Нога попала во что-то мягкое, и из-под нее послышался стон. Какой-то несчастный лежал на животе, лицом вниз. Одна рука у него была сломана и наружу торчала голая кость. Ноги человека были завалены под грудой камней. Похоже, что я невольно наступил на него, чем вызвал стон умирающего. Я посветил ему на голову. Он больше не стонал, но по плотно сжатым губам я заметил, что он все еще в сознании. Луч осветил массивную крепь, придавившую всю груду камней, под которой он находился. В одиночку, какой бы силой я не обладал, сдвинуть ее в сторону я бы не смог. Он это сразу понял, потому что с его губ сорвался еще один стон. Может быть, он хотел что-то сказать, но сил для этого уже не имел…
Оглядевшись вокруг – насколько хватало этого скудного света начавшего тускнеть фонаря – я увидел, что ко мне со всех сторон тянутся руки. В начале я отшатнулся, подумав, что сейчас они все вцепятся в меня и уже не отпустят, но потом опомнился. Большинство уже давно были мертвы, а если кто еще и дышал – не мог ни видеть, ни понимать, уже ничего. Все они были безнадежны – я не мог вытащить ни одного. Изувеченные тела, переломанные конечности, раздробленные головы – даже этого света хватало, чтобы увидеть, что довелось им испытать в последние минуты. У кого-то глаза вздрогнули и открылись – они молили о помощи, или, хотя бы о том, чтобы я прекратил муки их владельца. Но тогда я еще не смог бы убить человека… Даже для того, чтобы избавить его от невыносимых страданий. Глаза это поняли – говорить он уже не мог, так как все лицо человека было буквально раскрошено и залито кровью – и медленно закрылись. Стиснув зубы, я стал молча выбираться отсюда – к своей, все еще такой далекой цели. К горлу подступал непрошеный ком – я не мог не сочувствовать им, вынужденным ждать своего конца, вдали от родных, и в полном неведении того, что с ними случилось. Но я и сам был недалеко от того, чтобы оказаться в том же положении. Пару раз нога срывалась в дыры, и я едва успевал застыть на месте, чтобы не сломать ее в самый неподходящий для этого момент. Стронутая неосторожным движением, стальная балка накренилась и проскользнула мимо головы – я чудом успел наклониться, она с грохотом ударила в стену, вызвав новую серию обвалов. Я уже не различал – по чему я иду. Снова, какое-то отупение овладело мною – как защитная пленка, сквозь которую уже ничто не могло проникнуть. Но судьбе было мало того, что я уже видел – и она преподнесла мне на прощание такой эпизод, забыть который стало невозможно…

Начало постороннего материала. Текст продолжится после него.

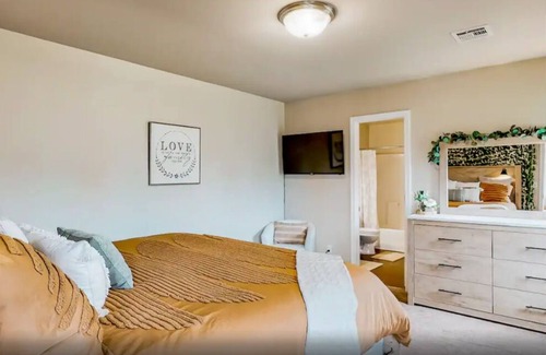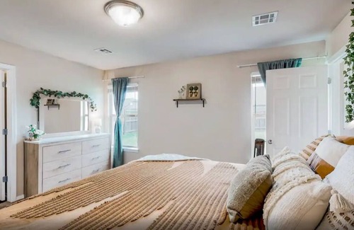 Discover the epitome of peaceful suburban living in this serene Broken Arrow neighborhood. With ample space to accommodate larger groups, this home provides a perfect retreat for anyone seeking a relaxing getaway. Whether you're looking to work remotely or unwind in the hot tub, this property caters to your every need. The four bedrooms include a master bedroom with a king bed, an attached full bathroom, and a walk-in closet, and three additional separate bedrooms - two with full beds and one with a bunk bed. Book your stay today and experience tranquility like never before!
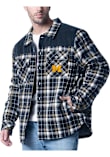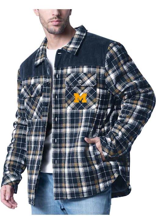 Make a bold statement in this Michigan Wolverines Blue Left Chest Logo Changeup Plaid Jacket Long Sleeve Fashion T Shirt! This Michigan Long Sleeve Fashion Tee features a embroidered team logo at left chest pocket. Go Michigan!
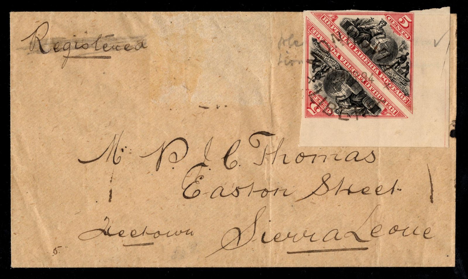 Liberia 1894 Cover to Sierra Leone with Scott 52 pair. Backstamped Sierra Leone and expert mark on reverse. Mi 43, SG 90
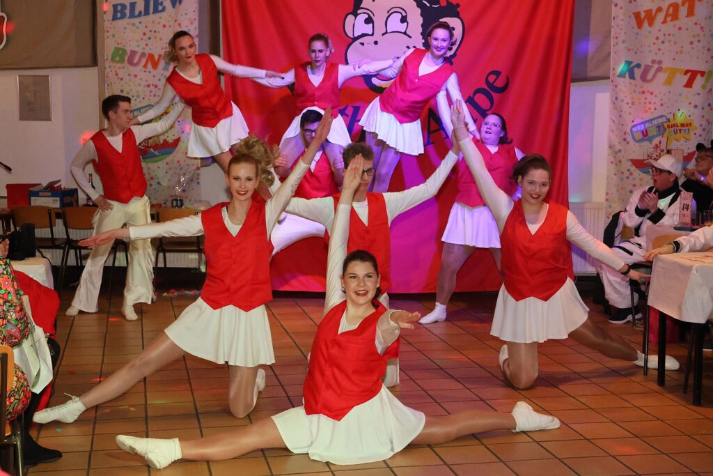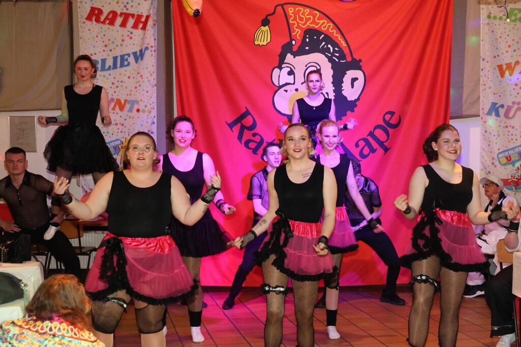 Für beste musikalische Unterhaltung sorgten Heinz Hülshoff und die Band Die Anderen, die flotte Gruppierung des Fanfarencorps Oberbilk. Nachdem das Aape Männerballett die Mädels zum jubeln gebracht hatten, ging der Abend fließend in die Karnevalsparty für alle über, bei der DJ Stefan und Max Weyers einheizte.
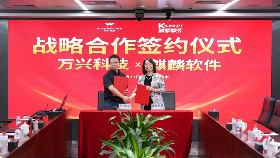 2025年8月27日,万兴科技与麒麟软件在京举行战略合作签约仪式。万兴科技线下营销中心总经理唐芳鑫、麒麟软件生态合作部总经理姚翎作为双方代表签署战略合作协议。

Проползая где-то, мне показалось, что я заблудился – а это вполне было возможно среди такого нагромождения. Я метнулся в одну сторону, другую – и рука, искавшая опоры, уперлась в чье-то тело. От неожиданности я отдернул ее назад, а потом, придвинувшись поближе, направил луч фонаря перед собой.

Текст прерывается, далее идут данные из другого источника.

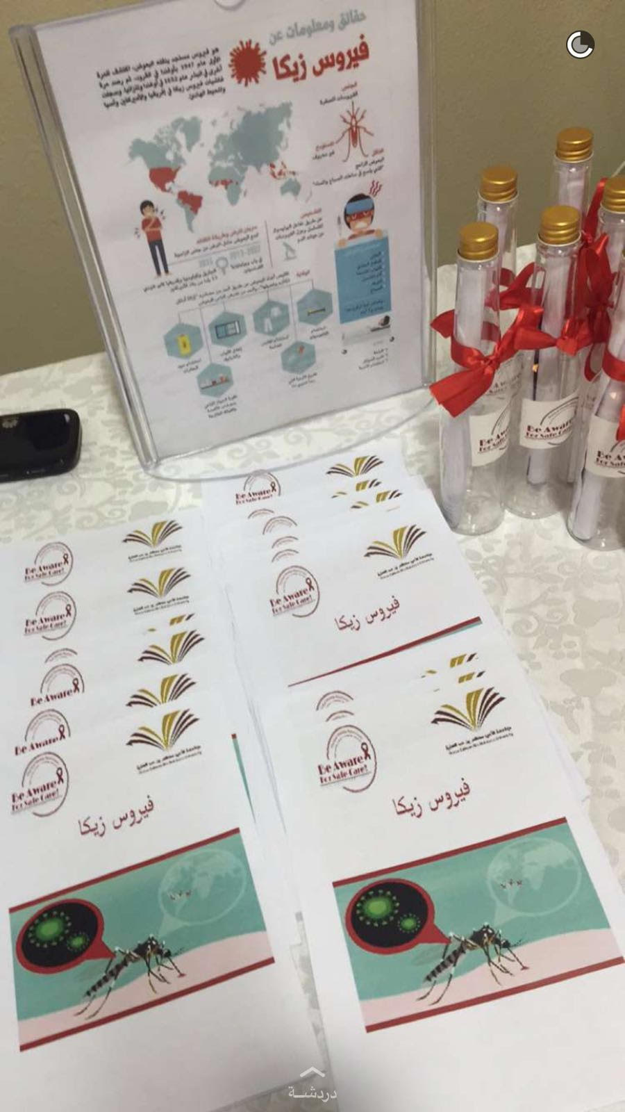 نظمت وحدة خدمة المجتمع بقسم العلاج الطبيعي الحملة التوعوية للوقاية من فيروس" زيكا وايبولا " يوم الاثنين الموافق 27/5 من الساعه ١٠إلى ١٢ظهرًا في ساحة الكلية شرحن فيه عن تاريخ انتشار الفيروس وأعراضه وآثاره وطرق الوقاية منه وعلاجه عن طريق عرض فيديو وتوزيع المنشورات وكانت الحملة التوعوية تحت إشراف المحاضر :حميراء عبد الرب خان من قسم العلاج الطبيعي ،بحضورعدد من أعضاء هيئه التدريس والطالبات
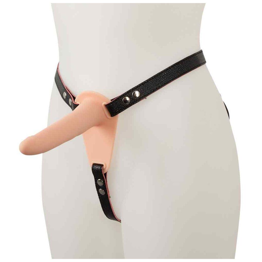 This strap-on vibrator is a thin shape and fits securely, which means that it is perfect for pegging beginners. The removable vibro-bullet has 10 vibration modes. The harness is adjustable. Includes a USB cable.
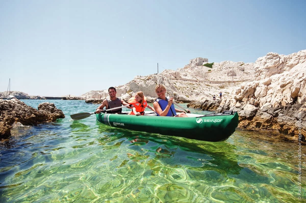 Классический надувный каяк с 2/3 -личностью, сделанный в стандартном, высоком стандарте Sevylor. Сплошное и прочное полиэфирное покрытие, дополнительные швы на внешнем оболочке для увеличения водонепроницаемой и съемной камеры пола со структурой луча для стабильности. Adventure - это просторный спортивный надувной каяк в классической форме каяка с поднятыми боковыми стенами, а также поднятый клюв и кормик, идеально подходящий для посещения побережья, озер или вод в стране в качестве семьи. Благодаря съемному плавнику, легко маневрировать. Высокие боковые стены и широкая форма обеспечивают комфорт, защиту и отличную стабильность сидения, которые регулируются и удаляются.
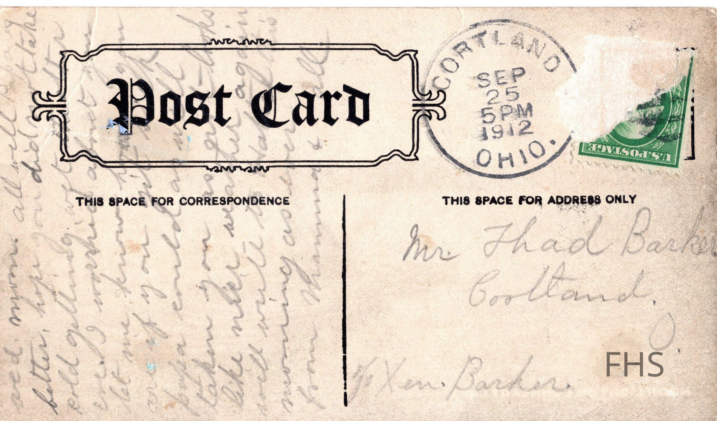 A Conneaut Lake postcard sent to Thad Barker fin 1912.Cataloged By

Это была девочка, примерно десяти лет. Она лежала на спине, с закрытыми глазами. Осветив ее полностью, я понял, что она тоже навсегда останется здесь – её живот был полностью разво- рочен металлическим штырем, а ступни на одной ноге вообще не было – ее оторвало. Обе руки она сложила на животе – боль, какую она испытывала, должна была быть, невыносимой… Я коснулся ее потемневшего лица – жалость к ней на минуту заставила меня позабыть, что нужно спешить, чтобы не оказаться лежащим рядом и том же положении. Машинально я смахнул пыль с ее губ – и она раскрыла их, отчего я задрожал всем телом…
– Папа…
Я остолбенел. Она так и не открыла глаза – а если бы смогла, я бы, наверное, закричал…
– Ты… Здесь?
– Да! Да! Я здесь! – Я вдруг понял, что не должен ее сейчас разочаровывать – в миг ее последней надежды. На измученном лице появилось жалкое подобие улыбки…
– Ты… Со мной?
– Да! Я с тобой! Я вытащу тебя, и все будет хорошо! Только потерпи еще немного!
– Да. Я потерплю…
У нее шевельнулись пальцы, и я взял их в свою ладонь. Они полностью утонули в ней, такие маленькие и холодные… Через секунду она умерла. Не было ни последнего вздоха, ни слова. Она даже не дернулась. Это было так, словно вдруг разом остановились часы. Шли, шли, и сразу, без предупреждения… и все.